The goal of this project is to:
Build
a neural network
model predicting
a sentiment
of a sentence
.
where
Build
- develop using Python with Keras API
neural network
- a recurrence neural network called LSTM - Long Short Term Memory
predicting
- after training the model can be used for predictions
sentiment
- a label specifying if a sentence is either positive, neutral or negative.
sentence
- the learning process is based on online reviews, so we can assume that we will achieve best results when predicting sentiment of a review.
As you probably know, there are few different types of neural networks. One of them is RNN - Recurrent Neural Network. This group of neural networks form a sequence of nodes, where every node is dependent on previous node. The net takes its own an output and treats it as an input in iteration during the learning process. As you might expect it's a reason, why RNNs are aplicable when there is some importance in data order (e.g. time series or language processing).
LSTM - Long Short Term Memory - is a neural network of RNN class. It's just more powerful, more intelligent. It passes not only last memorised elements, but it keeps old ones as well, making an impression of understanding a context.
The following chapters describe the process in terms of code execution. The architecture and working principles of LSTM are quite complicated concepts and I recommend reading following article, if you're not familiar with it: https://colah.github.io/posts/2015-08-Understanding-LSTMs/
The network will be learning by words. Not letters, not characters, not sentences - but words. It has some disadvantages ('do', 'does', 'did', 'done' are completely other, independent words), but it works quite good in general.
Since the algorithms like numbers, all words must be changed to numbers. The numbers are not randomly distributed - they are integers and mean a ranking of words' frequencies. The most common words will have a number zero, the second will have one, etc. After such operation all sentences become sequences of numbers.
Different sites, different contexts, but - fortunately - the same language! Since English is a widely used language, lots of English NLP neural networks have been already trained. :) This is a good information, because as a result we can load into our network a set of pre-trained word vectors called embeddings. Such vectors describe a position of a word in a space of words, where words with similair meansing are placed next to each other.
It means that before we train our network with IMDB reviews, we will pass all words through the filter of their meaning in English.
Word embeddings for this project have been produced with word2vec method, which is described e.g. here: https://pathmind.com/wiki/word2vec
The net is constructed from three layers:
- Embeddings layer - non-trainable layers of pre-trained word sequences.
- LSTM layer - the only hidden layer.
- Number of hidden units: 10 as a default, but can be changed.

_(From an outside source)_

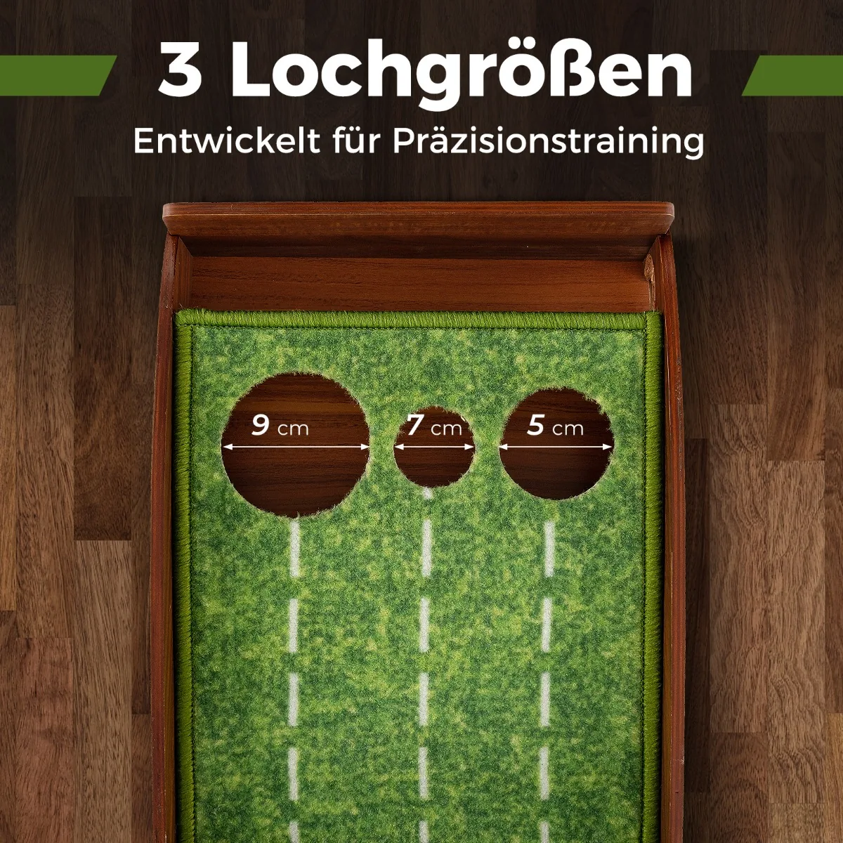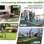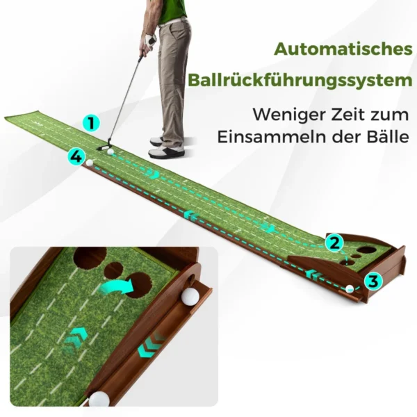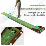 Golfo kilimėlis 302x37x15cm žalios ir rudos spalvos skirtas golfo dėjimo įgūdžių tobulinimui tiek pradedantiesiems, tiek patyrusiems žaidėjams. Automatinė kamuoliuko grąžinimo sistema leidžia efektyviai praktikuotis be nuolatinio kamuoliukų rinkimo.

As the hidden units are the learning capacity of the network, I suggest overriding the default with some bigger value (128 is often selected arbitrarily or empirically).
- Number of epochs: 10 as a default, but can be changed (preferably for some smaller value at the beginning, e.g. 3 or 5). One epoch is a pass of entire dataset (forward and backward) through the neural network. It's done only once within one epoch.

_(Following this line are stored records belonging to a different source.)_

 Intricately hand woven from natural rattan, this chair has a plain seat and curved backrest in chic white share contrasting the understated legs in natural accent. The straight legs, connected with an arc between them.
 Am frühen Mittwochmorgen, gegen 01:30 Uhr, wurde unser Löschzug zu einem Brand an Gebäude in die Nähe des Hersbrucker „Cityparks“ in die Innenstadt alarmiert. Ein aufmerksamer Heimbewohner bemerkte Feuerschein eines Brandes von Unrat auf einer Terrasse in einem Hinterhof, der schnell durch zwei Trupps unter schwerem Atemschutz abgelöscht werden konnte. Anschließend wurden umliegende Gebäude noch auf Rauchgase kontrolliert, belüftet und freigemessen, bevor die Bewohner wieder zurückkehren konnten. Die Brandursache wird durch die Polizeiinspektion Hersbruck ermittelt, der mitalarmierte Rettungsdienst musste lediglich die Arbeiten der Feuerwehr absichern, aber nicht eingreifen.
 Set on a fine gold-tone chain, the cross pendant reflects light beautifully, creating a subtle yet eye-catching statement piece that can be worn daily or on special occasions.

- Batch size: 32 as a default, so 32 training samples will be fed in one iteration.
- Dropout: 0.5 as a fixed value. Dropout prevents overfitting, by randomly dropping some samples. It improves model performance.
- Activation function:
tanh
function as a fixed value.
- Dense layer - the output layer to collect all results in desired format with
softmax
activation function.
Layers are combined in a form of stack, which is a behaviour of Keras Sequential model.
The script can be run using command line (it's been implemented with argparse
library). It accepts following parameters:
-d
,--data_path
- path to the file with input data (required),-e
,--embedding_path
- path to the file with pre-trained embeddings (required),-r
,--rnn_dim
- number of hidden units in LSTM layer (default: 10, optional),-s
,--save_dir
- path to a saving of trained model (required),-E
,--epochs
- number of training epochs (default: 10, optional),-b
,--batch_size
- size of a single batch (default: 32, optional),-v
,--verbose_level
- verbosity mode (0 = silent (default), 1 = progress bar, 2 = one line; optional).
Since it's only a script, you should also have all required libraries installed (see: requirements.txt
in this repo).
There is an optimized version of Keras' LSTM provided called CuDNNLSTM. As it's presumably 5-10x faster than LSTM, without any loss of quality, I suggest trying it as a form of upgrading the project.
Neural networks tend to perform better with normalized data, so the values should be normalized using e.g. sci-kit MinMaxScaler
. It would probably better perform with softmax
or tanh
functions (depending of type of normalization).
The code is squeezed into one file. Some parts could be easily extracted (most of methods could be static).